Records from a data collection:
-----

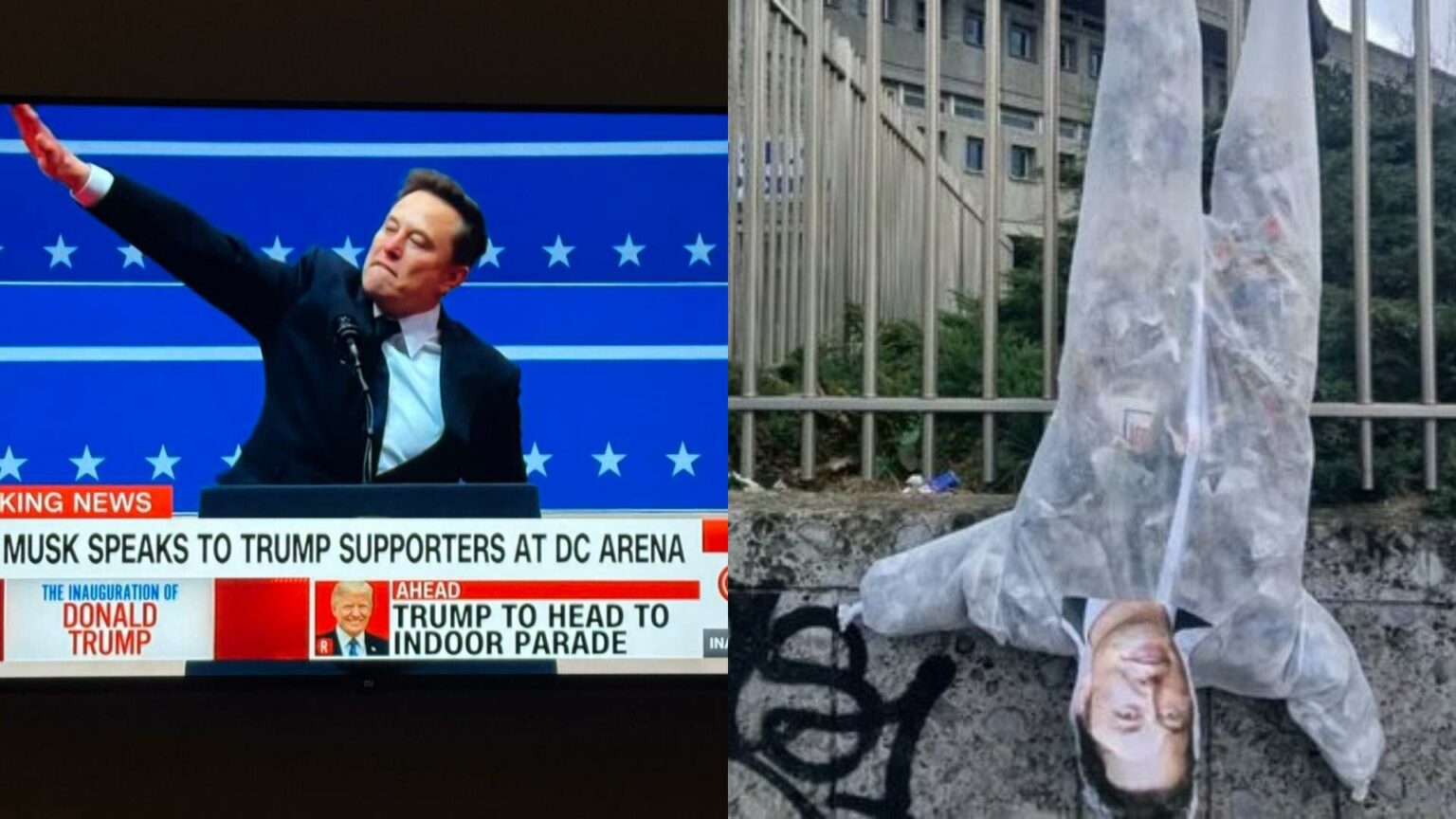 Un fantoccio con la faccia di Elon Musk appeso a testa in giù in piazzale Loreto a Milano, accompagnato dalla scritta “C’è sempre posto a piazzale Loreto, Elon”. È l’azione dimostrativa, velatamente minacciosa, rivendicata dal profilo Instagram del collettivo studentesco universitario “Cambiare rotta” di Milano, in risposta al gesto simile al “saluto romano” che il patron di Tesla ha fatto platealmente durante la cerimonia di insediamento del presidente Usa Donald Trump. E la foto del manichino con la faccia di Musk sta letteralmente facendo il giro del mondo, in poche ore è diventato virale sui social, dove viene affiancata ad un’altra immagine molto forte. Si tratta di quella in bianco e nero in cui appare il corpo ormai senza vita di Benito Mussolini, issato per i piedi di una pensilina e lasciato a testa in giù proprio in quella stessa piazza, il 29 aprile del 1945.
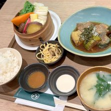 【みのりカフェの本日の白身魚と採れたて野菜の揚げびたし定食】 #まとうだい #なす #ズッキーニ #甘太くん #10種の蒸し野菜 JAのカフェで野菜たっぷりのお昼ごはん〜♪ 蒸し野菜は、椎茸、もものすけ、カリフラワー、にんじん、紅はるか、白菜、ズッキーニ、キャベツ、大根、かつお菜で、お米は福岡産の元気つくし! #伊都菜彩 #ja糸島 #白身魚と採れたて野菜の揚げびたし #カフェ #カフェめし #みのりカフェ #アミュプラザ博多 #福岡カフェ巡り #cafe #minoricafe
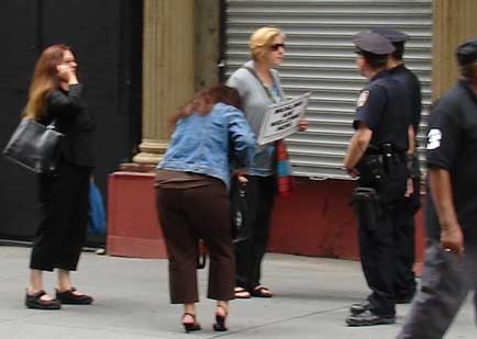 The cops tell everyone to move along – even if your name is Cindy Sheehan, the Mother-Protector of all Muslims.
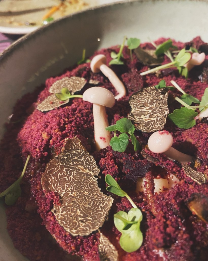 Η γεύση: Το εικονικό ριζότο που έφαγα στο Suma, το νέο gastrobar της Καλαμιώτου, όχι φτιαγμένο με ρύζι, αλλά με πατάτες, σελινόριζα, μανιτάρια και χώμα από ξύσμα παντζαριού.
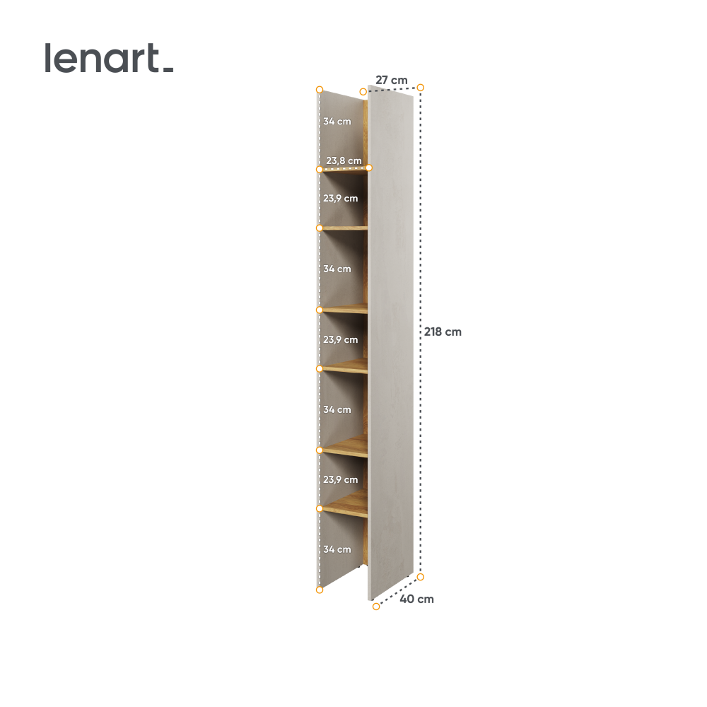 Regał wyposażony jest w sześć otwartych półek, które nadają mu lekkości i pozwalają łatwo organizować oraz eksponować ulubione przedmioty. Kontrastowe połączenie ciepłego odcienia dębu hikora z szarością tworzy nowoczesny, a jednocześnie przytulny efekt, który wzbogaci wnętrze. Solidna konstrukcja zapewnia trwałość i odporność na codzienne użytkowanie, dzięki czemu regał stanowi idealne uzupełnienie zarówno nowoczesnych, jak i klasycznych aranżacji wnętrz.
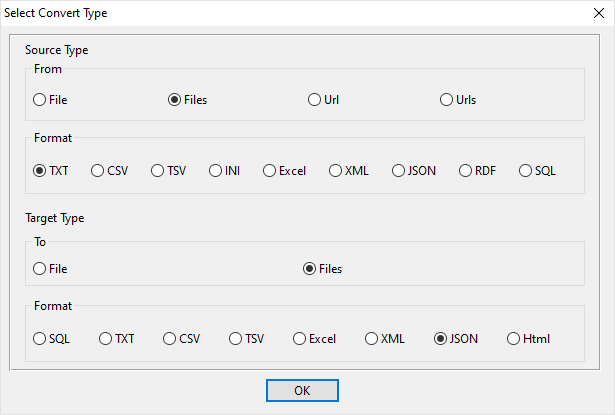 Select source TXT files -> Set JSON files -> Convert TXT files to JSON files
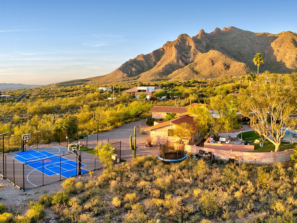 Outdoor living is equally impressive. Relax by the large pool/spa with its soothing waterfall, enjoy the scenic views from multiple outdoor living spaces, or freshen up in one of the two outdoor bathrooms or the outdoor shower. A recently built solar-lighted sports court offers a versatile space for tennis, pickleball, or basketball. Additional updates include new xeriscape landscaping, drip irrigation, a whole-house water filtration system, new carpet, and numerous electrical and plumbing enhancements.
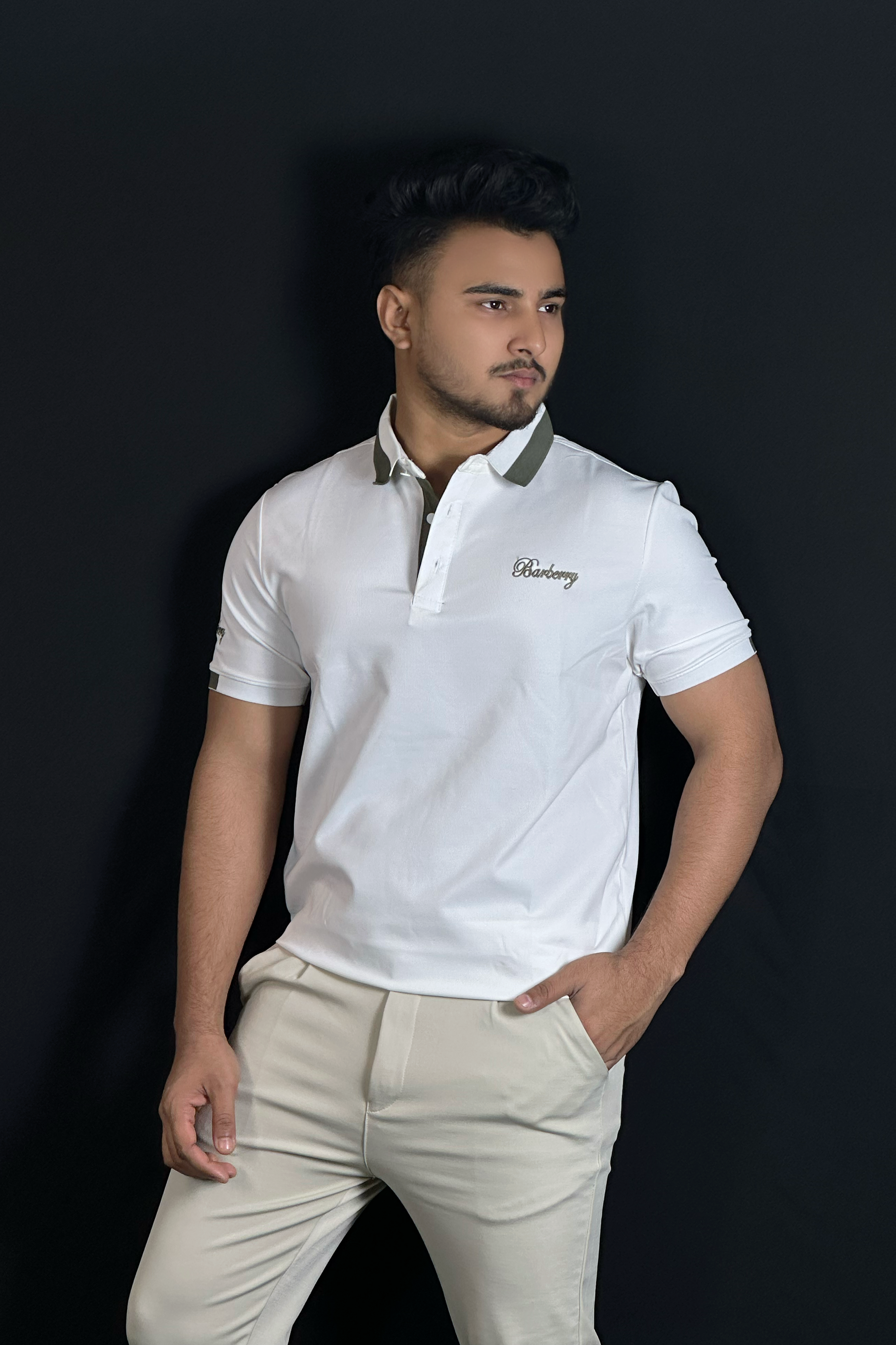 সাদা কালার পোলো টি-শার্ট-Barbery
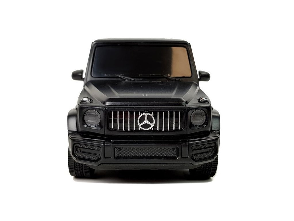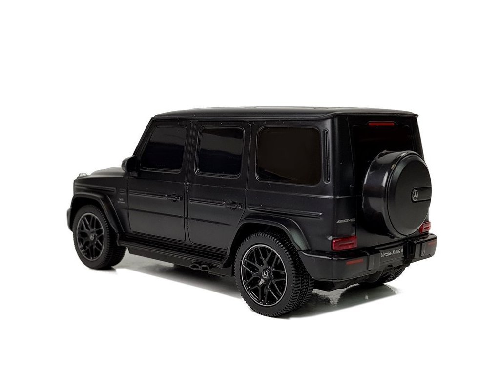 Vyobrazený model je MERCEDES AMG G63 v černé barvě, dokonale reprodukovaný s realistickým protějškem. Plášť je vyroben ze zesíleného plastu, gumová kola imitují pneumatiky a odpružení je tlumené.
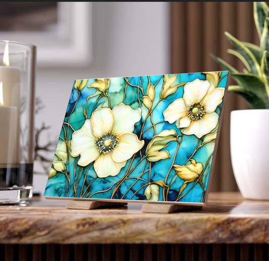 White Wildflowers Ceramic Accent Tile or Mosaic.
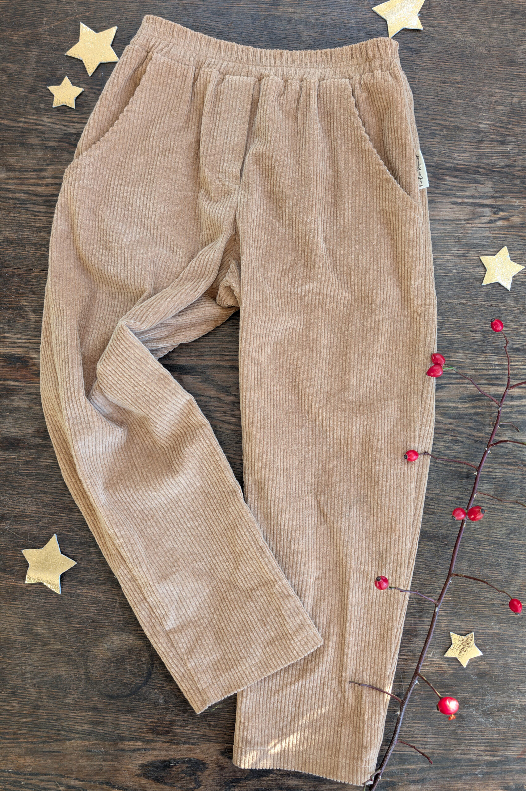Schick und bequem zugleich ist die Cordhose wilde Möhre. Hier in der Farbe Gerste vom ersten Bild in Größe 134
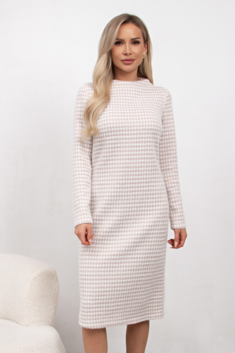 Комфортное платье прилегающего силуэта из трикотажного полотна. Длинные втачные рукава. Горловина оформлена воротником - хомут. Низ ровный, без разрезов. Модель без застежек. Практичное платье станет отличным дополнением к повседневному гардеробу.
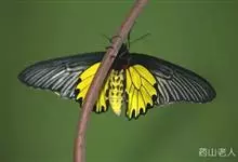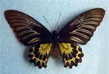 金裳凤蝶是凤蝶科、裳凤蝶属的动物。金裳凤蝶身体呈黑色,头、颈和胸侧有红毛,腹部有黑黄两色相间条纹,雄蝶前翅黑色,具黑天鹅绒光泽,各脉两侧灰白色,后翅金黄色,各室外缘有等腰三角形黑斑1枚,斑内侧有晕,…全部>>
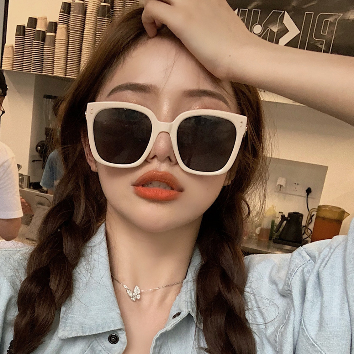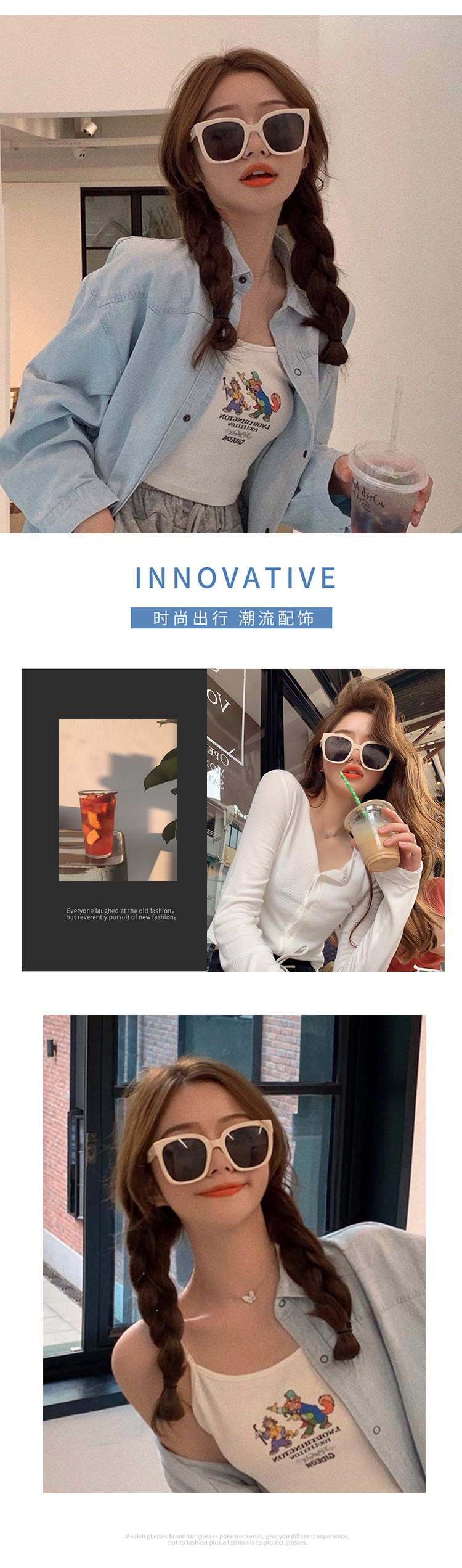 Белые квадратные солнцезащитные очки на солнечной энергии, популярно в интернете, изысканный стиль
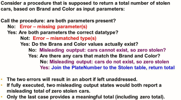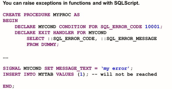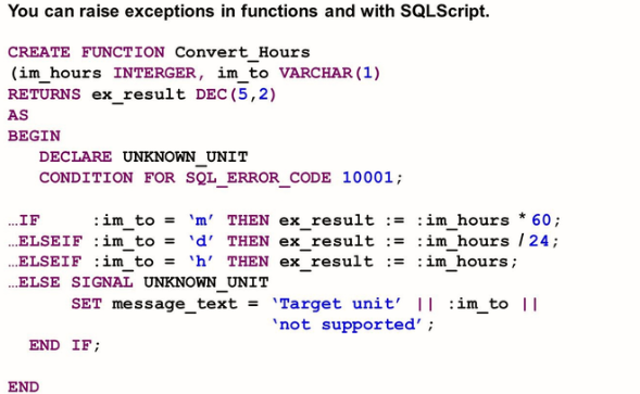 In addition to the sorts of exceptionally previously described, there are circumstances in which values may meet the technical requirements of SQL Script, but can still lead to undesired or nonsensical results. In such cases, it is helpful to trap the problematic values and lead the SQL Script code to a clean exit, preferably one that informs the end-user about what problems occurred and how to avoid them in the future.
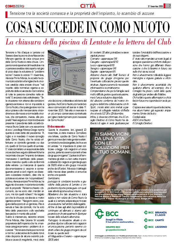 Subito è intervenuta Alte Groane Srl società proprietaria dell’impianto che ha smentisce categoricamente i problemi di sicurezza: “Non è vero che la piscina non è a norma. La decisione di chiuderla non è stata disposta da alcuna autorità pubblica a causa di irregolarità, ma è stata una decisione unilaterale e arbitraria del gestore, Asd Como Nuoto, come da loro stessi comunicato all’utenza in data 11 novembre 2025. Tale atto si inserisce in un più ampio contenzioso contrattuale per i gravi inadempimenti posti in essere da Como Nuoto”.
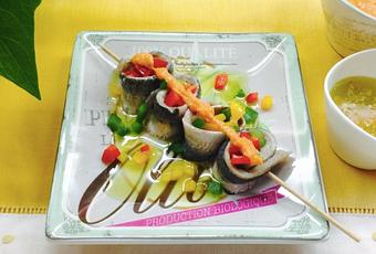 Con los pimientos bien picaditos podemos enrollar las sardinas y con un palito largo presentarlas a modo de brocheta.
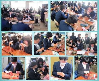 今日の本日5・6時間目に2年生は,卒業式で3年生が胸につけるコサージュの制作を行いました。先日講習を受けた制作リーダーを中心に,各班で協力して行いました。初めて制作する生徒がほとんどで,かなり苦労していましたが,お互いに協力して完成させていきました。
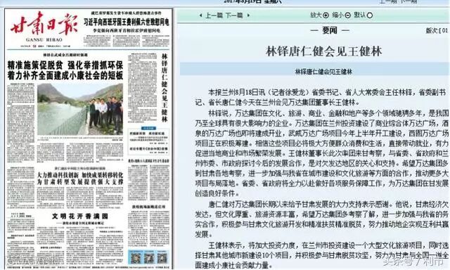 先是8月19日,《甘肃日报》在头版位置刊登了一篇题为《林铎唐仁健会见王健林》的报道,而这也是“世纪大交易”之后,地方省委领导会见王健林后地方党报首次报道。这篇文章还被人民网甘肃频道和人民网主办的中国共产党新闻网转载。
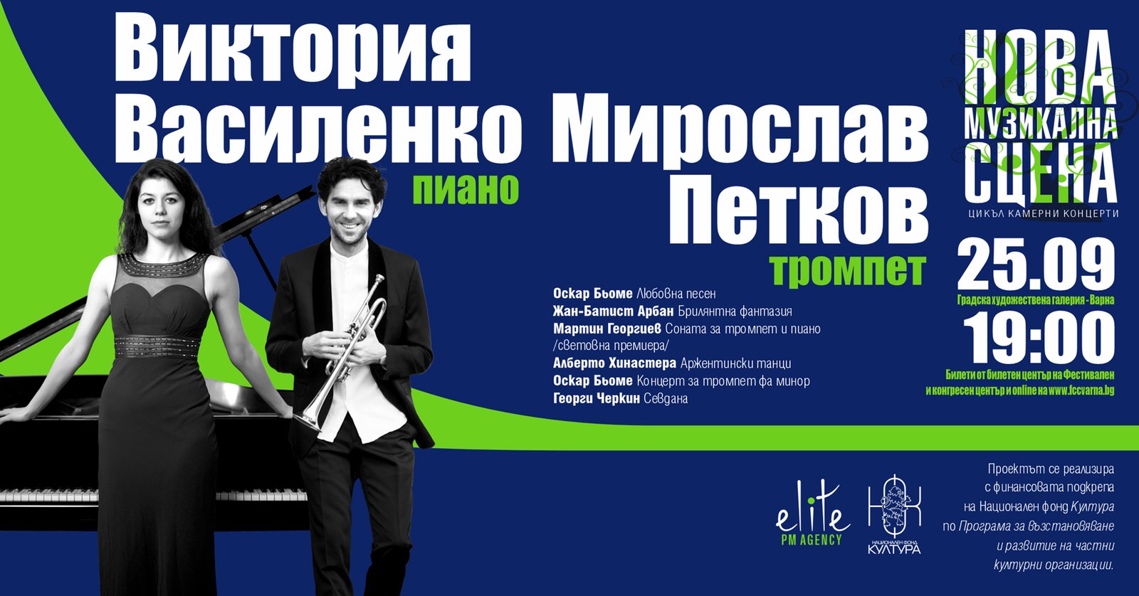 На 25 септември в Градската художествена галерия на Варна е концертът на един от най-талантливите и виртуозни съвременни тромпетисти – варненеца Мирослав Петков. Събитието е ярък акцент в програмата на проекта „Нова музикална сцена“. Публиката на морсикя град ще има удоволствието да чуе уважавания първи тромпетист на Royal Concertgebouw Orchestra, Амстердам, в тандем с блестящата пианистка Виктория Василенко – едно от открояващите се млади имена на клавирното изкуство на съвременния български и международен концертен подиум. Въпреки че не свирят за първи път заедно, двамата утвърдени изпълнители ще направят своя съвместен варненски дебют, за който са подготвили интригуваща програма с творби от Оскар Бьоме, Жан-Батист Арбан, Алберто Хинастера, Георги Черкин.
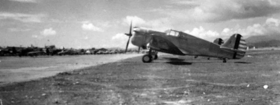 A circa 1941-42 photo of an Army 36th Pursuit Group Curtiss P-40C Warhawk fighter landing at Losey Field.
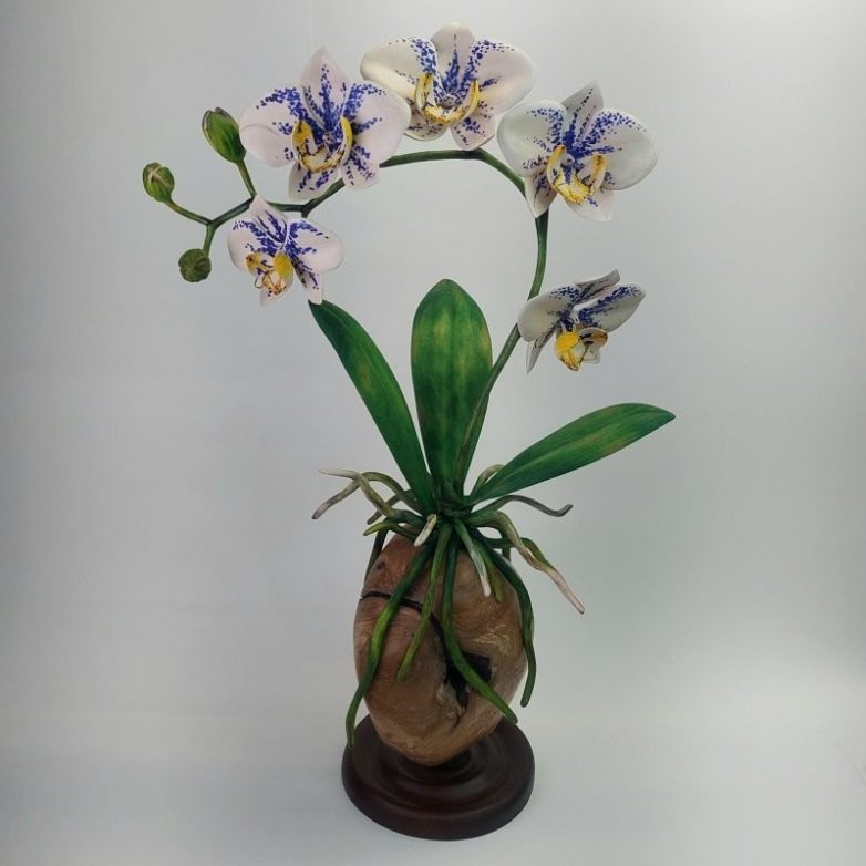 4. Я вырезал этот цветок орхидеи из липы и клена! Он сделан из многих частей, все соединено булавками, а краска для дерева на водной основе

-----

_ACTIVITY_.
Although the records above contain pictures, the copy should hold only the lines from their start through the line containing "The cops tell", each exactly as written, and none of the pictures.

_EXERCISE RESULT_.
 Un fantoccio con la faccia di Elon Musk appeso a testa in giù in piazzale Loreto a Milano, accompagnato dalla scritta “C’è sempre posto a piazzale Loreto, Elon”. È l’azione dimostrativa, velatamente minacciosa, rivendicata dal profilo Instagram del collettivo studentesco universitario “Cambiare rotta” di Milano, in risposta al gesto simile al “saluto romano” che il patron di Tesla ha fatto platealmente durante la cerimonia di insediamento del presidente Usa Donald Trump. E la foto del manichino con la faccia di Musk sta letteralmente facendo il giro del mondo, in poche ore è diventato virale sui social, dove viene affiancata ad un’altra immagine molto forte. Si tratta di quella in bianco e nero in cui appare il corpo ormai senza vita di Benito Mussolini, issato per i piedi di una pensilina e lasciato a testa in giù proprio in quella stessa piazza, il 29 aprile del 1945.
 【みのりカフェの本日の白身魚と採れたて野菜の揚げびたし定食】 #まとうだい #なす #ズッキーニ #甘太くん #10種の蒸し野菜 JAのカフェで野菜たっぷりのお昼ごはん〜♪ 蒸し野菜は、椎茸、もものすけ、カリフラワー、にんじん、紅はるか、白菜、ズッキーニ、キャベツ、大根、かつお菜で、お米は福岡産の元気つくし! #伊都菜彩 #ja糸島 #白身魚と採れたて野菜の揚げびたし #カフェ #カフェめし #みのりカフェ #アミュプラザ博多 #福岡カフェ巡り #cafe #minoricafe
 The cops tell everyone to move along – even if your name is Cindy Sheehan, the Mother-Protector of all Muslims.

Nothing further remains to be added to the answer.